Low-dose, longer-term studies conducted by Osweiler et al. [173], which administered a total fumonisin (FB1, FB2, and FB3) concentration of 148 ppm to beef calves for 31 days, observed serum biochemical and histological evidence of hepatic damage. The oral exposure of lambs and goat kids to fumonisin concentrations resulted in renal and mild hepatic toxicity. Edrington et al. [174] recorded death within 7 days in lambs administered with 45.5 mg total fumonisins as a result of renal injury, although Gurung et al. [175] did not observe any clinical signs of toxicity in goats administered with 95 mgFB1/kg of diet for 122 days.
In a recent study, Gallo et al. [176] examined the commonly occurring levels of DON and FB in diets consumed by cows on their performance, dietary digestibility, liver health, and the quality of milk produced. In the study, twelve lactating Holstein cows were fed three diets: a control diet (CTR) with low DON and FB, a mycotoxin (MTX) diet containing moderate levels of mycotoxins, and a mycotoxin diet with the addition of a mycotoxin deactivator (MDP). Results showed that the CTR diet had the highest milk yield at 37.73 kg/day when compared to the MTX and MDP groups.
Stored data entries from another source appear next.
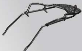
後架總成 | NT$.10,500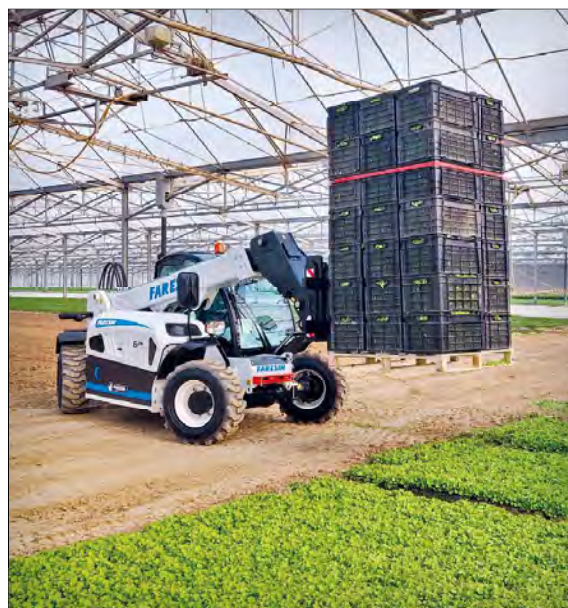
Teleskopické manipulátory Faresin Full Electric mohou být využívány v uzavřených prostředích, k nimž patří například i skleníky, protože jsou lokálně zcela bezemisní

Ústřední součástí je lithium-iontový akumulátor s kapacitou 45 kWh, který pracuje s vysokým napětím 435 V a který napájí dva elektrické motory, z nichž je-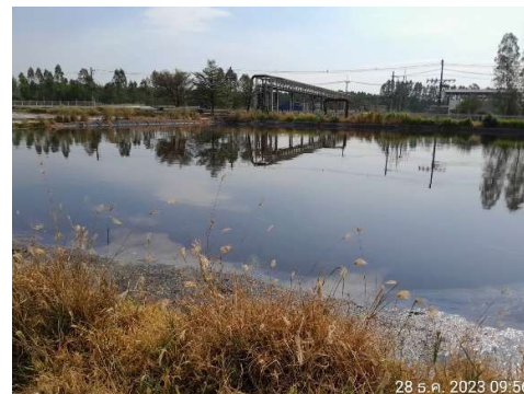
รูปที่ 2-26 Emergency Basin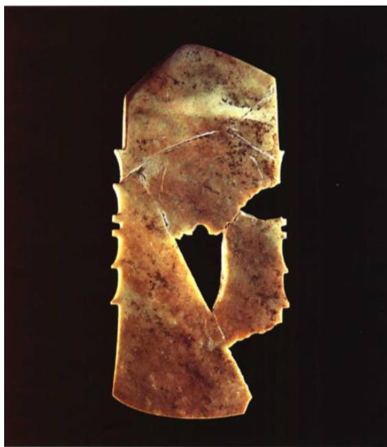
Рис. 5. Виріб з нефриту “Ци”, династія Ін, Китай, IX ст. до н. е.

жаби, черепахи, цикади, богомоли, бамбукові палички, браслети, ручки, підвіски, круглі намистини, обручі, смужки для пірсингу, орнаменти, орнаменти – довгі смужки, орнаменти у формі півмісяця” [3, ст. 34].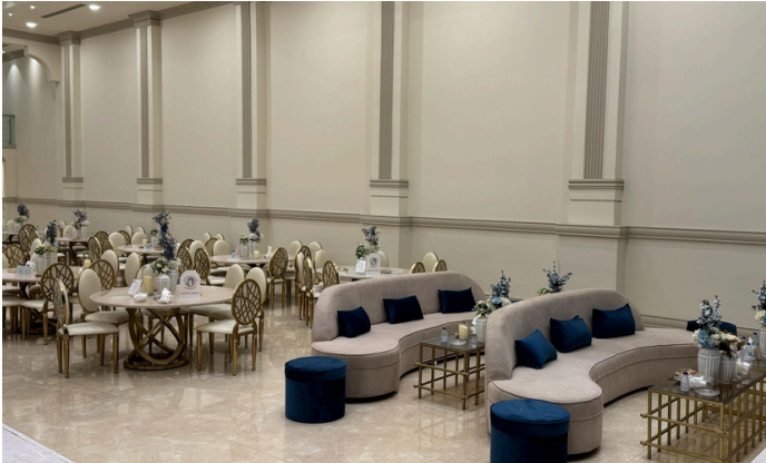
حفل معايدة الأسر احتفاءً بعيد الفطر المبارك 2025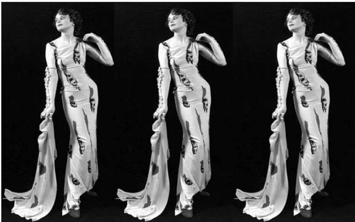
Slika 7. Model nosi "Tear dress" 18

„Tear Dress“, dio je poznate Schiapparelline „Circus“ kolekcije iz 1938. godine, koja odiše psihoanalitičkim konceptima smrti, kastracije i fetišizma, i inspirirana je Dalíjevom slikom „Three Young Surrealist Women Holding In Their Arms The Skins Of An Orchestra“. Haljina je imala optičku iluziju koja je izgledala kao rastrgani komadi odjeće. Bila je to haljina za žalovanje sa dugačkim veom. Radove sa takvom pričom u podlozi, vidimo tek devedesetih godina nadalje, u suvremeno doba tehnološke revolucije kod dizajnera kao što su Alexander McQueen, na koje se danas referiramo kao umjetnike.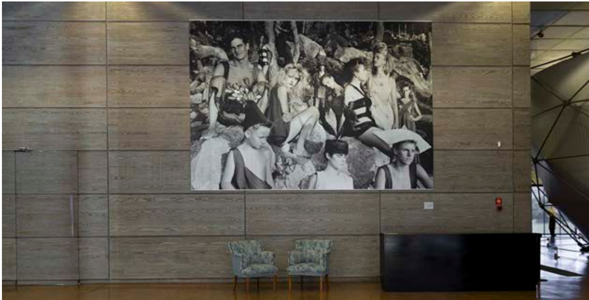
Fig. 1. Área de acogida del Museo del Traje, primera planta. Fotografía Personajes del bosque , 1985, Ouka Leele. Museo del Traje, Madrid (MT101183)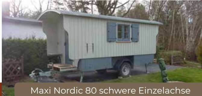
Maxi Nordic 80 schwere Einzelachse 3500 kg zul. GG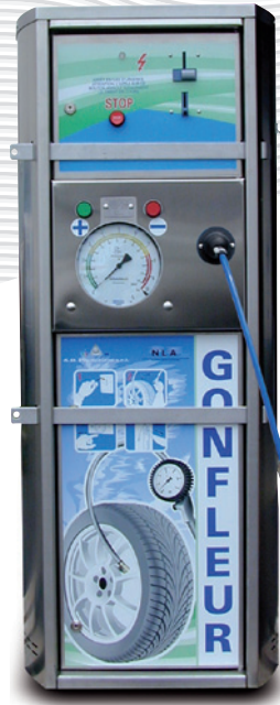
PE913025 avec tuyau à enrouleur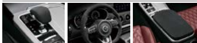
변속기 노브 스티어링 휠 콘솔 암레스트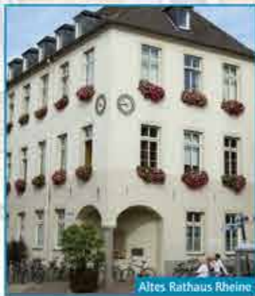
Altes Rathaus Rheine

Aan de nu open binnenplaats lag van 1660 tot 1822 de lange smalle kloosterkerk van de orde van de Franciscanen die sinds 1635 in Rheine gevestigd waren. Het in 1662 gebouwde huis met drie vleugels, werd eerst als klooster en vanaf 1811 ook als school gebruikt. Later kreeg het nog een functie als rechtbank en vanaf 1910 werd het stadsbestuur er ondergebracht. De traptoren en de bovenverdieping werden er in 1887 en 1938 aan toegevoegd.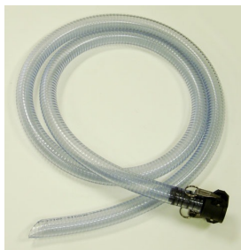
Clear Suction Hose Assembly for use with Mercury Separator - Included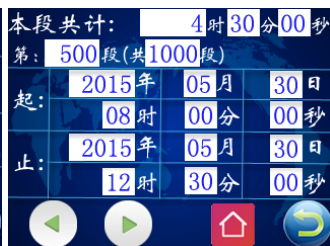
图七 查询结果页面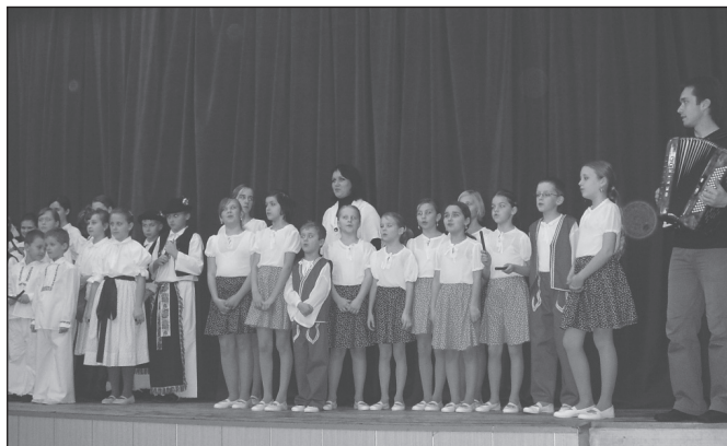
Na javisku s babickými deťmi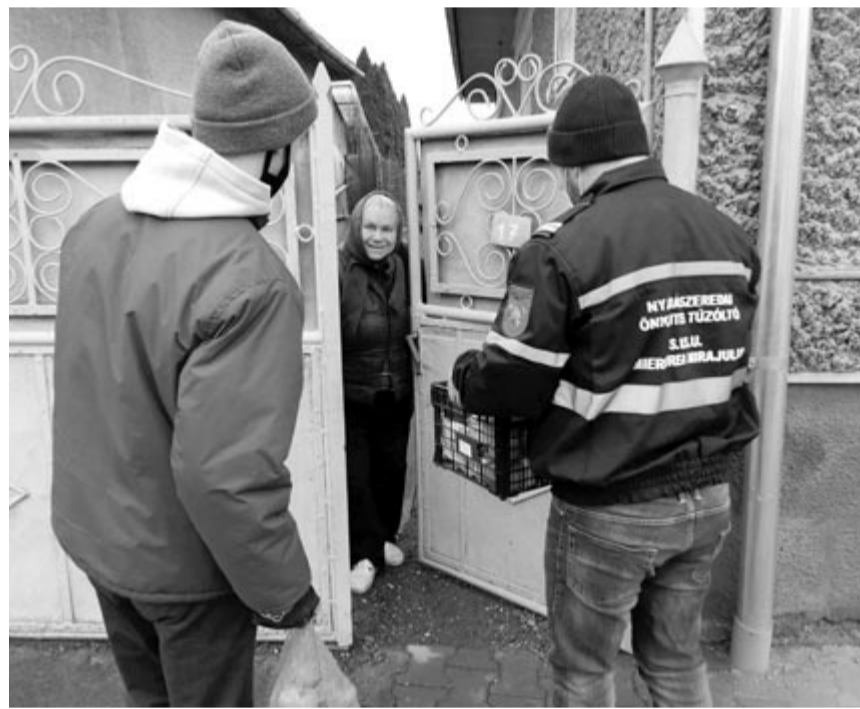
Számos közösség, csoportosulás szeretne segíteni ünnep előtt a rászorulókon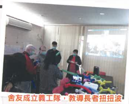
舍友成立義工隊，教導長者扭扭波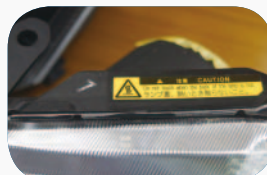
H24.5～ エアロツアラー刻印「1」 内部スモーク色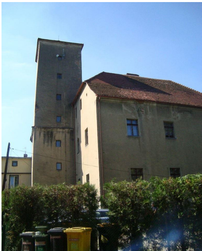
Zamek myśliwski w Kantorowicach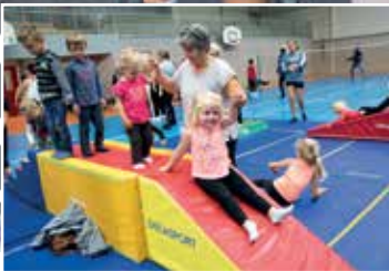
Faites du sport à Noyelles !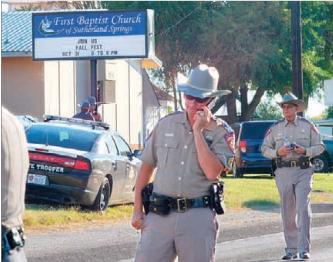
Soldados del Departamento de Seguridad Pública de Texas vigilan el lugar de la masacre en Sutherland Springs, Texas.

Un hombre armado, vestido de negro, entró a una iglesia baptista cercana a la ciudad de San Antonio y disparó a los feligreses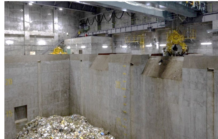
ごみ投入ホッパーは焼却炉の入口です。1時間に2～3回程度、よく混ぜて均一になったごみを焼却炉に投入しています。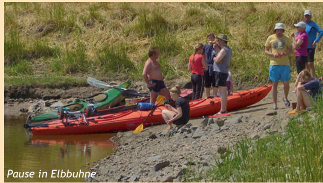
Pause in Elbbühne

Unser Bootshaus soll für Mitglieder und Gäste ein Ort des Sports, der Ruhe und Erholung sein.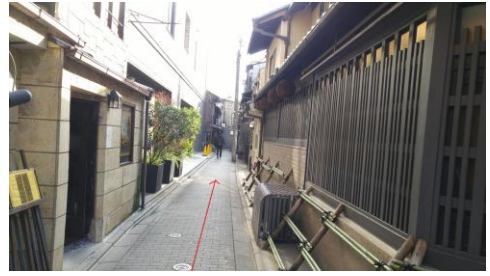
⑥細い道を進みます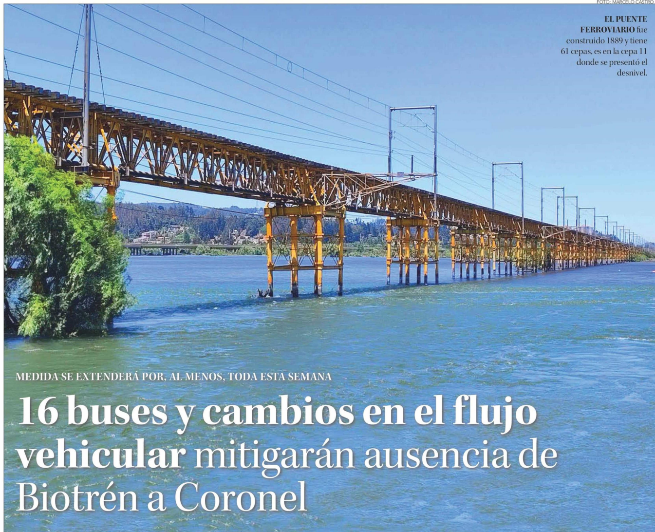
EL PUENTE FERROVIARIO fue construido 1889 y tiene 61 cepas, es en la cepa 11 donde se presentó el desnivel.

MEDIDA SE EXTENDERÁ POR, AL MENOS, TODA ESTA SEMANA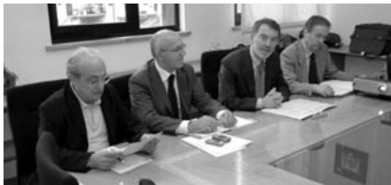
La conferenza stampa con Energie Locali

"Energie Locali - ha detto il presidente - è nata a fine maggio dello scorso anno e ai primi di ottobre abbiamo iniziato a lavorare sui due Comuni soci. L'obiettivo dei sindaci era consentire un risparmio significativo e dare alla società una struttura molto snella, quindi non costosa. Noi - ha proseguito - abbiamo inserito solo tecnici qualificati in grado di intervenire immediata-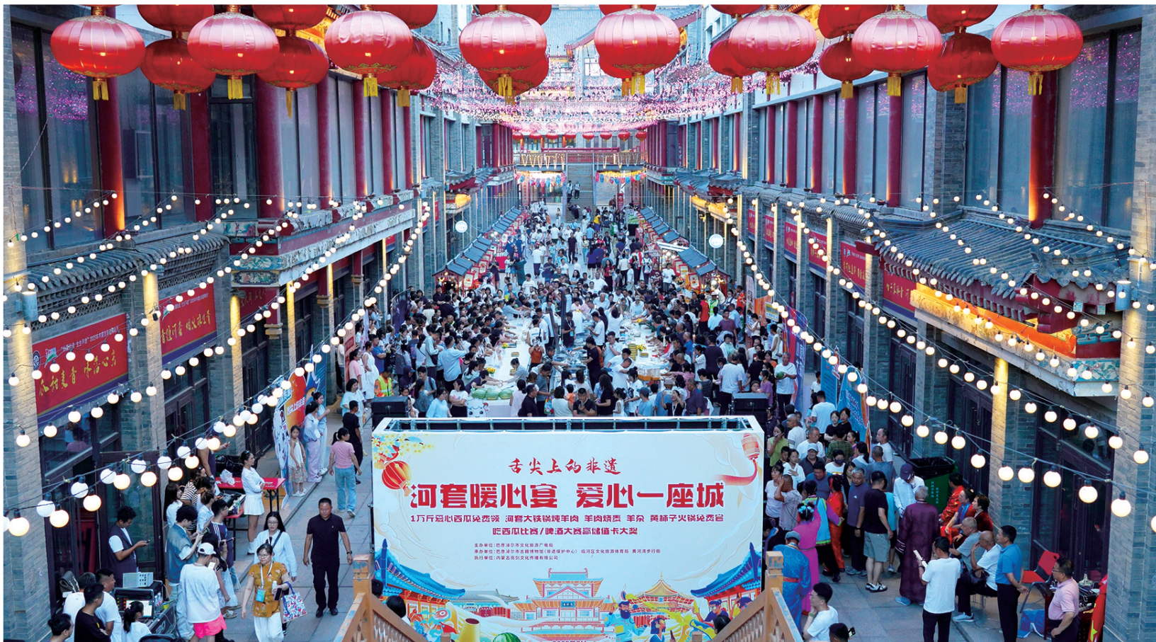
以“北疆拾遗 生生不息”为主题的2025年内蒙古非遗购物月活动现场。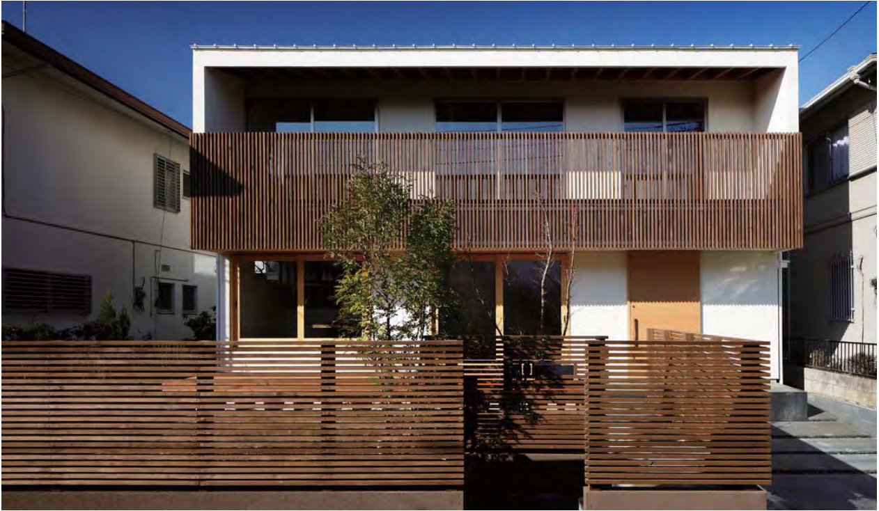
南側外観 木製格子が繊細な表情をつくる。国産材を積極的に使用。

流山市の南部に位置する敷地は、1970年代に区画整理・分譲された土地である。建替えが進む中でひととき存在感のある『木格子の塀とバルコニー』を持つ『南流山の家』である。南側道路に面した庭と2階のバルコニーからは陽が入り、一日中明るい開放感のある住まいである。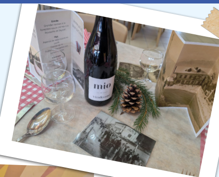
Repas des Sages

However, the MTX diet diminished the digestibility of the diet, curd firmness, and the expression of immune-related/inflammatory function genes, hence showing an immunosuppressive effect due to FB. Also, an increased level of activities was observed on the liver enzymes following exposure to MTX, a reflection of liver stress. On the other hand, the MDP diet improved nutrient digestibility, indicating that the addition of mycotoxin deactivation products might partly counteract the negative consequences of feeding ruminants with mycotoxin-contaminated feed on health and productivity.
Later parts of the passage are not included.